We therefore modelled our autoregressive model based on the information criteria with the lowest value and in some cases where the AIC suggest too many lag say AR(8), like in the Dow Jones Industrial index in the second sample of table 4.2.2, instead we decided to choose AR(2) suggested by the SBIC. The motivation for this is that we are trying to keep our model as parsimonious as possible and also in some researches, the SIC has proven to suggest a better order for AR models than the AIC. See (Brooks et al., 2005).

Table-4.2.2. Akaike and Schwartz Bayesian information criteria of the Second subsample.

	Dow Jones Indus		Ftse 100		Nikkei 225
	1999-2009		1999-2009		1999-2009
Lag	AIC	SBIC	AIC	SBIC	AIC	SBIC
0	-5.83698	-5.83467	-5.78647	-5.78416	-5.407093*	-5.404732*
1	-5.84163	-5.83699	-5.78985	-5.78523	-5.40699	-5.40226
2	-5.84667	-5.839713*	-5.79296	-5.78604	-5.40639	-5.39931
3	-5.84857	-5.83929	-5.80091	-5.79168	-5.4063	-5.39685
4	-5.84744	-5.83583	-5.8054	-5.79386	-5.40525	-5.39343
5	-5.84865	-5.83472	-5.80762	-5.79376	-5.40519	-5.39101
6	-5.84755	-5.83129	-5.81087	-5.794693*	-5.40469	-5.38814
7	-5.84821	-5.82963	-5.81048	-5.79199	-5.40495	-5.38602
8	-5.848694*	-5.82778	-5.811791*	-5.79098	-5.40381	-5.38251

The * represents AIC or SBIC with the lowest value.

4.2.1. AR (m) Model Estimation

Table-4.2.3. AR (m) model- OLS regression coefficient estimates

Notes: figures in parenthesis are the p-values.

4.2.2. Diagnostic Checks

From table 4.2.3, the significance of the p value and the high value of the F-statistics of most of the models shows equations are well specified. But there are cases where the F-statistics seems not to be statistically significant and this can be seen with low insignificant F-statistic. Insignificant F-statistics are observed in Dow Jones Industrial index of the first subsample and the Nikkei 225 index of the second subsample. This does not matter much as most of the other coefficients were statistically significant.
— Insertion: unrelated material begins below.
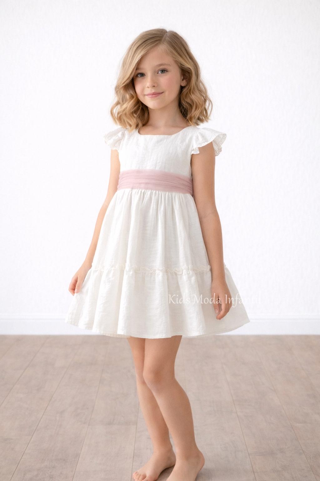 Vestido ceremonia niña beige claro manga corta volante con fajín tul rosa empolvado Basmarti | Kids Moda Infantil

The R-square of most of the subsamples were less than 1%, except for two cases where they went above 1% to about 3%. It was 1.1% during the second subsample of the Dow Jones Industrial index and 3% during the second subsample of the FTSE 100 index. The R-squares tend to increase during the second subsamples of the various indices, and this might be as a result of the more volatile periods (the September 11 attack of 2001 and the recent credit crunch of the last three years).

Durbin-Watson

The Durbin-Watson statistic for all most all the models are close to 2, leading to the rejection of the null hypothesis of no serial correlation of the residuals. This suggests that there is little evidence of serial correlation in the models (See Brooks et al. (2005)).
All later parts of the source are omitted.